• PROBLEM: Nothing but the lines below from the one with "実用性も考えて左太もも部分に" through the one with "Weather Manipulation Conspiracy" should be output, each exactly as given, and no pictures.

• PROVIDED ENTRIES:

□ □ □

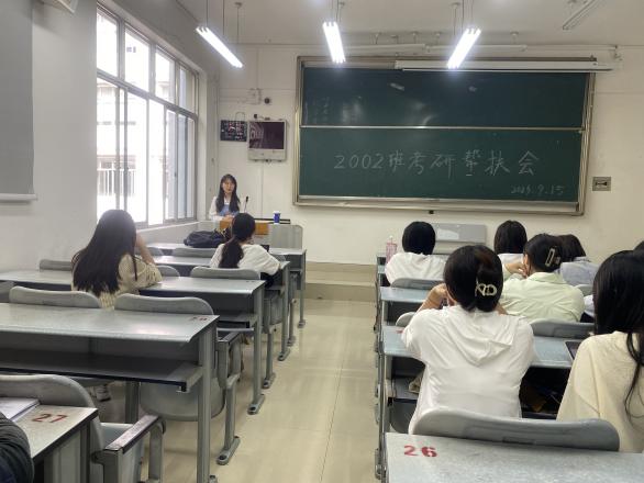9月14日、15日,8名研一党员以两两组队形式,分别给2020级本科生4个班召开了考研帮扶会。8名研一党员同志通过自身备考经验分享、座谈会式交流等方式,传授上岸经验、回答复习难点。2020级考研学子纷纷表示通过此次帮扶会关于备考遇到的问题得到了解答,考研信心更加坚定、目标更加明晰,更有动力与冲劲了。
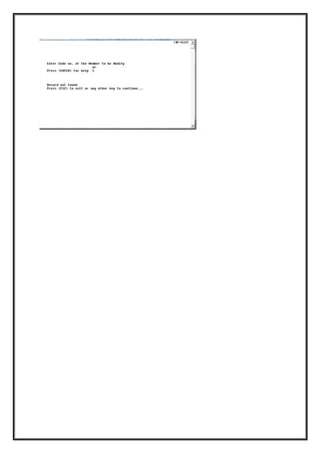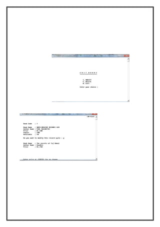 This document describes a library management system project created by Shivani Menon. It includes an introduction outlining the project's objectives and scope, requirements specifications detailing necessary data and software, and descriptions of the services provided to users such as book search, issue, and return functions. The project was developed using C++ due to its advantages for handling large programs through object-oriented principles of modularity, extensibility, and reusability.
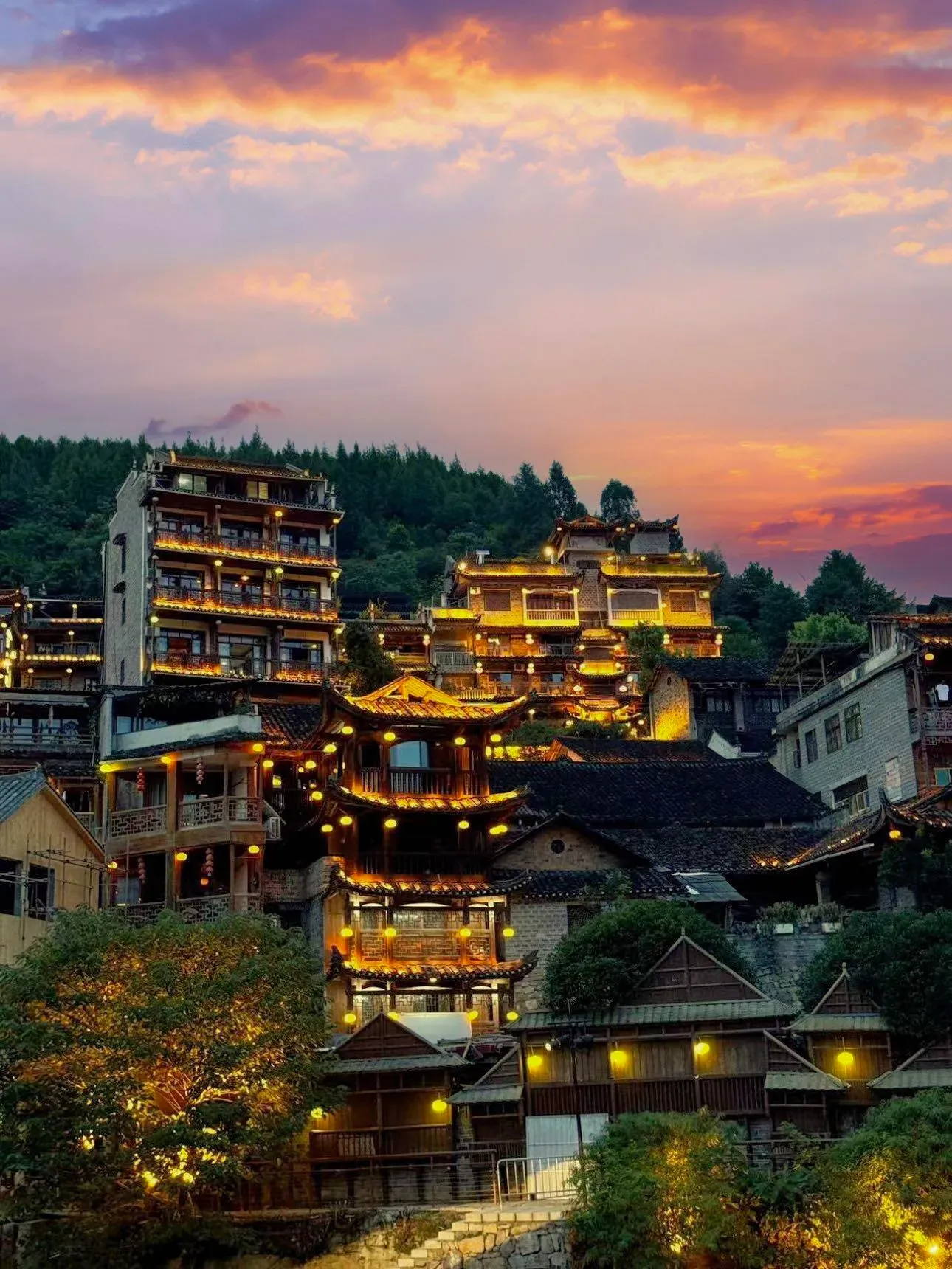 Тип: Древний город, Историческое и культурное место, место проживания этнических меньшинств Расположенный на юго-западе Чжанцзяцзе в провинции Хунань древний город Фэнхуан, или Древний город Феникс, известен как "самый красивый город в Китае" и "Город на картинке". Этот старый город, построенный в 1704 году, получил звание "Национальной туристической достопримечательности" за его очаровательные пейзажи с многочисленными древними памятниками, башнями, мостами, улицами и другими зданиями, а также богатую культуру мяо, туцзя и других 26 этнических меньшинств. Возможно, вас привлекут простые, но очаровательные обычаи, которые существуют в приграничном городе, и вы захотите посетить это место. Но как только вы приедете сюда, вы поймете, что этим ее очарование не ограничивается. После дождя вы можете прогуляться по дорожкам, вымощенным голубым камнем; прокатиться на лодке по реке Туоцзян и полюбоваться 100-летними зданиями на сваях; взобраться на древние надвратные башни и ощутить все перипетии древнего города; спокойно понаблюдать за старухой, стирающей белье на берегу реки.; или посидите в одиночестве у окна в кафе-баре, молча любуясь изысканным пейзажем и позволяя своим мыслям свободно витать в воздухе...... Возможно, в этом и заключаются секреты очарования древнего города. Раньше это было место сбора политиков, военачальников, вождей племен мяо и бандитов, которое можно считать стандартным варварским местом. Но именно в таком городке, спрятанном в горах, как этот, за последние сто лет появились премьер-министр Китайской Республики Сюн Силин (熊希龄), знаменитый писатель Шэнь Конгвен (沈从文) и художник Хуан Юнъюй (黄永玉), благодаря чему древний город стал ярким, как жемчужина, и в нем сохранились обычаи местных жителей. западная Хунань. Посетив этот древний город площадью около 10 квадратных километров, вы сразу же полюбите его и откроете для себя тайну его глубокой культуры. Чем заняться в древнем городе Фэнхуан? Топ-1 живописных пейзажей, снятых на камеру Пейзажи древнего города Фэнхуан ранним утром выглядят просто восхитительно. В 6:00-7:00 древний город еще не проснулся. Тонкий утренний туман окутывает весь город. Прогуляйтесь по тихому древнему городу, подышите свежим воздухом, и вы не останетесь равнодушными. Обычно ранним утром здесь бывает меньше людей, поэтому это самое подходящее время, чтобы запечатлеть красоту Фэнхуана с помощью фотоаппарата. Ночной пейзаж на реке Туоцзянг также очарователен и опьяняет, особенно после дождя. Мост Наньхуа и горная вершина недалеко от Шаваня - отличные места для ночного просмотра. Другие рекомендуемые места для съемок - скала Тиоцзян, башня Ваньмин, мост Феникс Хонг, Дяоцзяолоу и Большое водяное колесо и т.д. Топ-2. Исследуйте дома на сваях, полные очарования этнического меньшинства Туцзя. Одной из достопримечательностей древнего города являются старинные здания на сваях, которые полны очарования этнического меньшинства туджа. Однако в настоящее время большинство зданий на сваях вдоль реки разрушены. Уцелела лишь дюжина старых домов, опирающихся на тонкие деревянные столбы, стоящие в реке и хранящие богатую историю города. Топ-3 прогулок по улочкам и долинам Фэнхуана в дождливые дни Известный китайский поэт Дай Ваншу однажды написал такую сцену: Идешь под дождем по длинной аллее, встречаешь дев
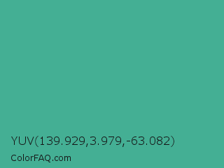 YUV 139.929,3.979,-63.082 Color is a normal cyan color and the nearest color is Mint #3eb489. Hex code #44af94 and RGB value is rgb(68,175,148). In RGB color space, this color is composed of 27% red, 69% green, 58% blue, In CMYK color space, this color is composed of 61% cyan, 0% magenta, 15% yellow , 31% black , In HSL color space, this color has a hue angle of 165° , 44% saturation and 48% lightness.
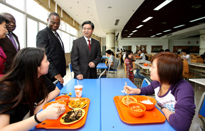 | 2011年5月11日,太阳集团tyc122cc第二次理事会在我校召开,四川外语学院副院长李建平主持会议。 四川外语学院院长李克勇首先致词,代表川外欢迎洛美大学校方理事成员的到来,并向来宾介绍了川外的发展史、专业设置、对外合作与交流等基本情况。 洛美大学校长葛菲·阿哈德兹·诺努在发言中对本次行程和活动的合理安排表示非常满意,对汉办和川外的热情接待表示衷心感谢,对中方院长苟志光在孔子学院创建工作中所做的工作及取得的成绩表示赞扬,对太阳集团tyc122cc两年来在汉语教学活动和文化推广活动中所取得的初步成绩和在当地的影响表示充分的肯定。他指出,太阳集团tyc122cc已经成为了校园内的亮点和了解中国文化的窗口。 太阳集团tyc122cc外方院长佳思美·古楚卡洛在工作报告中对孔子学院汉语教学开班情况、课程设置、招生情况、文化活动和本土教师的培训与对外交流活动、经费管理等进行了介绍。 本次理事会还对有关孔子学院的学生来华学习汉语的计划与奖学金事宜进行了磋商。 理事会结束后,葛菲·阿哈德兹·诺努校长一行在李克勇的陪同下参观了重庆法语联盟、图书馆、学生食堂等地。
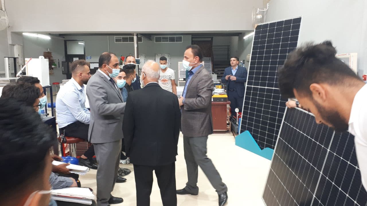 برعاية السيد المساعد العلمي لجامعة وارث الأنبياء وبأشراف مباشر من السيد عميد كُلْيَة الهندسة المحترم والسيد رئيس قسم هندسة تقنيات التكييف والتبريد أقيمت ورشة عملية في نصب منظومات شمسية وعلى مدى ثلاث أيام من قبل أساتذة قسم التكييف والتبريد وكادر شركة متخصص في هذا المجال وتستهدف هذه الورشة طلبة المرحلة الرابعة حيث يشمل البرنامَج التدريبي في اليوم الأول على التعرف على أنواع الخلايا الشمسية ومكونات المنظومات الشمسية وكيفية ربطها على التوالي والتوازي وقياس زاويه الأسقاط الشمسي وقياس كفائتها عند زوايا معينه وتأثير نسبه الظل على مقدار الفولتيه المتحققة وفي اليوم الثاني سيتدرب الطلبة على كيفية أجراء الصيانة على جهاز الانفيرتر والتعرف على طريقة عملة وكيفية استبدال القطع والعناصر التالفه فيه بوضع اخرى مشابه او مكافئة يتم استخراجها وفق جداول علمية أما اليوم الثالث سيتم تدريب الطلبة على كيفية اختيار النوع الملائم من المنظومات الشمسية لمشروع معين وكيفية تحديد معايير اختيار المنظومة المناسبة. ولله ولي التوفيق…
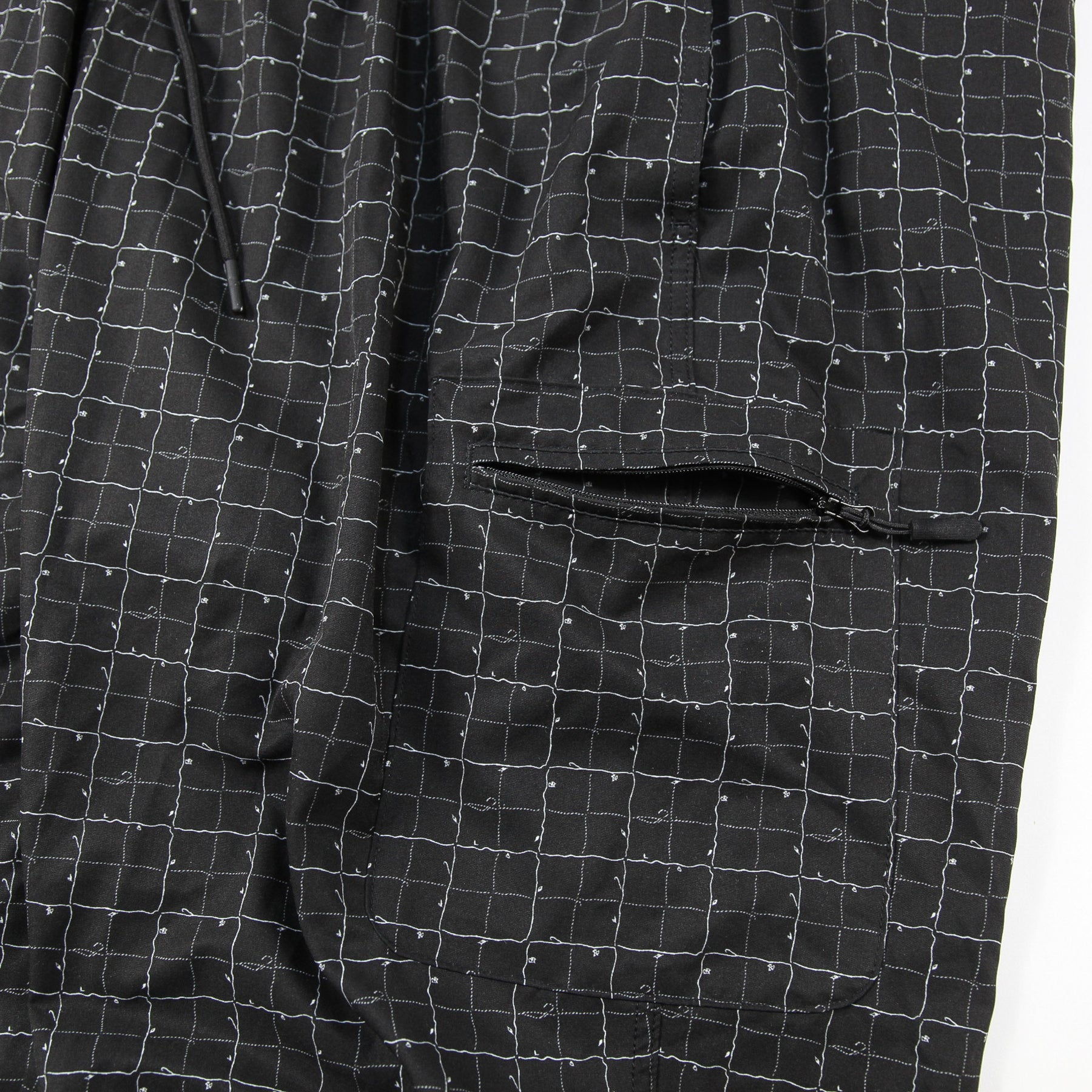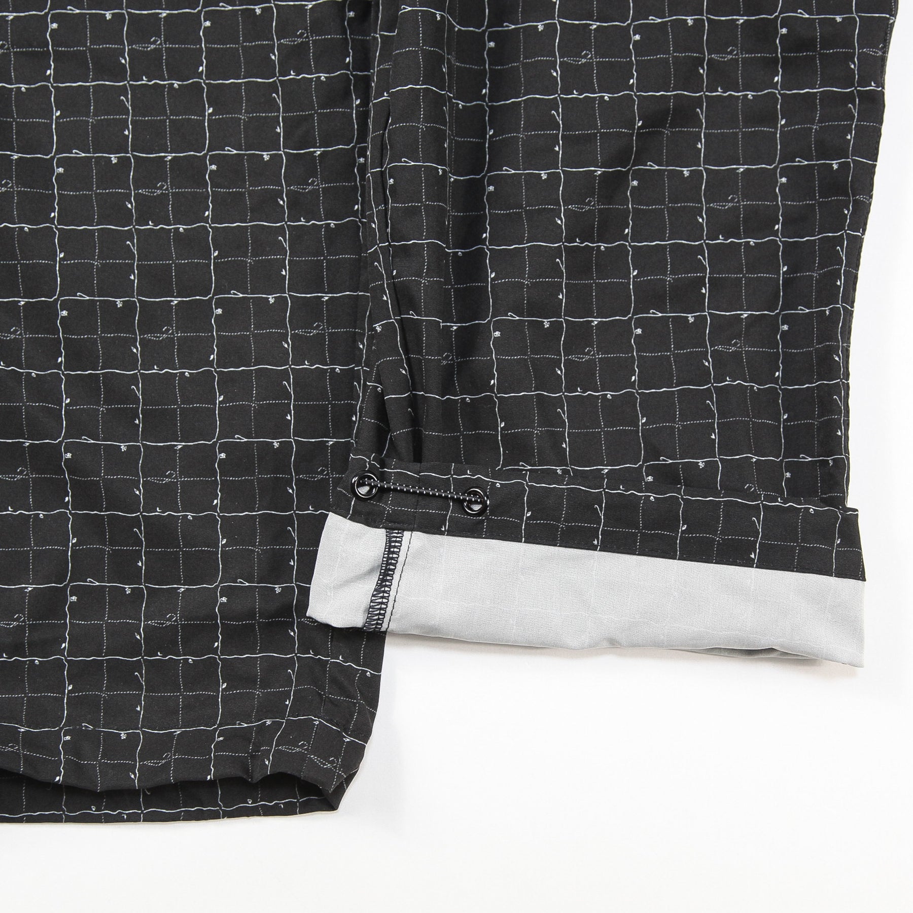 実用性も考えて左太もも部分にファスナーポケットを一つ配備しており、裾のコードに足を通すことにより、裾を絞ることも可能です。
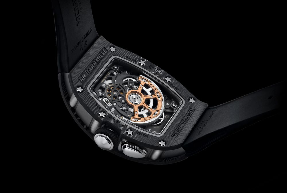 CRMA1搭载了品牌创新设计的表冠柄轴机制。传统机制要求将表冠直接与机芯内部相连,这种直接连接可能在机芯承受压力时造成损坏。而在RM 037腕表中,表冠被整合到表壳结构之上,尽可能地减小表冠受到冲击后脱落或折断的风险。
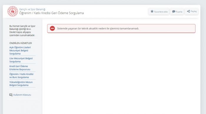Erdoğan’ın, kararı açıklamasının ardından e-Devlet’te bulunan ’Öğrenim/Katkı Kredisi Geri Ödeme Sorgulama’ sekmesi üzerinden işlem yapılamadı.
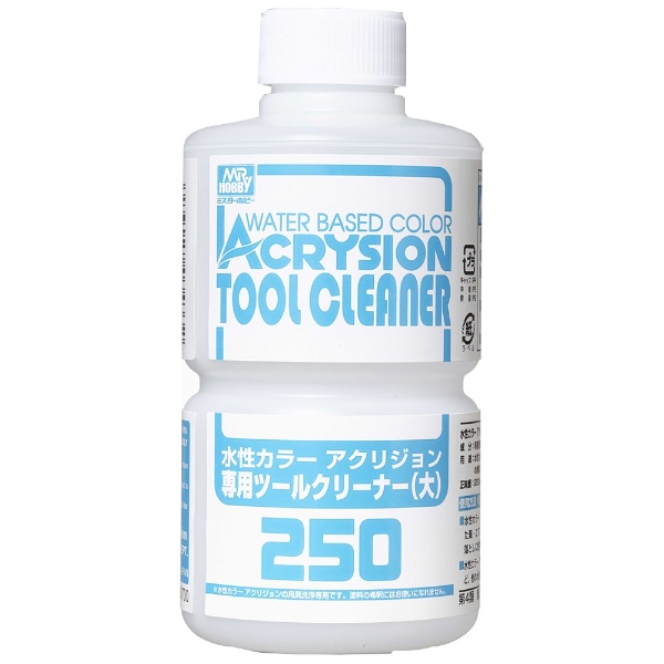 新水性カラーアクリジョン用のツールクリーナーです。エアブラシの洗浄にお使いください。250ml入り。
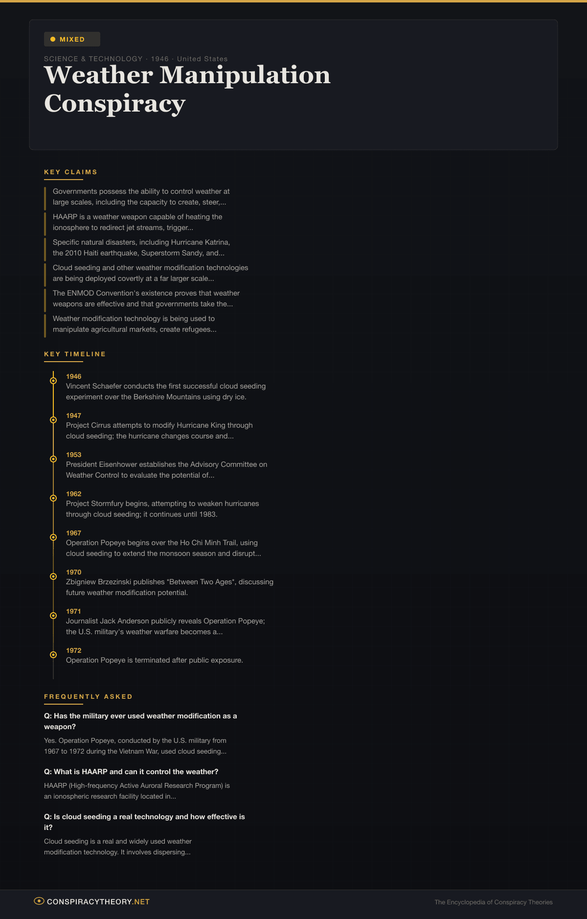 Weather Manipulation Conspiracy — visual timeline and key facts infographic
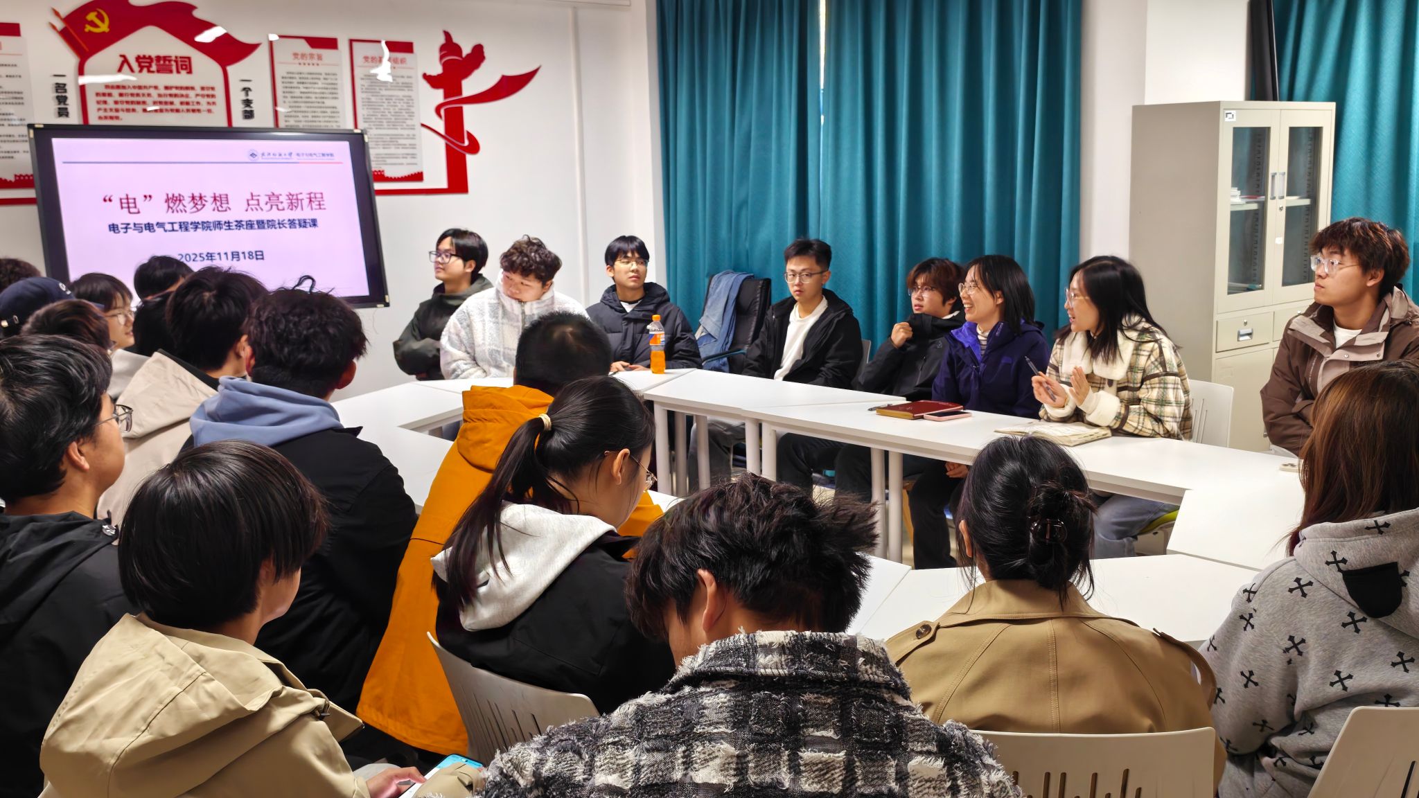 在阳光校区“电燃梦想”学生社区服务驿站开展“师生茶座”暨院长答疑课活动。副院长韩谷静教授担任主讲人,2025级辅导员陈宇凡以及拔尖创新班全体同学参加本次活动。

□ □ □

• EXERCISE SOLUTION:
 実用性も考えて左太もも部分にファスナーポケットを一つ配備しており、裾のコードに足を通すことにより、裾を絞ることも可能です。
 CRMA1搭载了品牌创新设计的表冠柄轴机制。传统机制要求将表冠直接与机芯内部相连,这种直接连接可能在机芯承受压力时造成损坏。而在RM 037腕表中,表冠被整合到表壳结构之上,尽可能地减小表冠受到冲击后脱落或折断的风险。
Erdoğan’ın, kararı açıklamasının ardından e-Devlet’te bulunan ’Öğrenim/Katkı Kredisi Geri Ödeme Sorgulama’ sekmesi üzerinden işlem yapılamadı.
 新水性カラーアクリジョン用のツールクリーナーです。エアブラシの洗浄にお使いください。250ml入り。
 Weather Manipulation Conspiracy — visual timeline and key facts infographic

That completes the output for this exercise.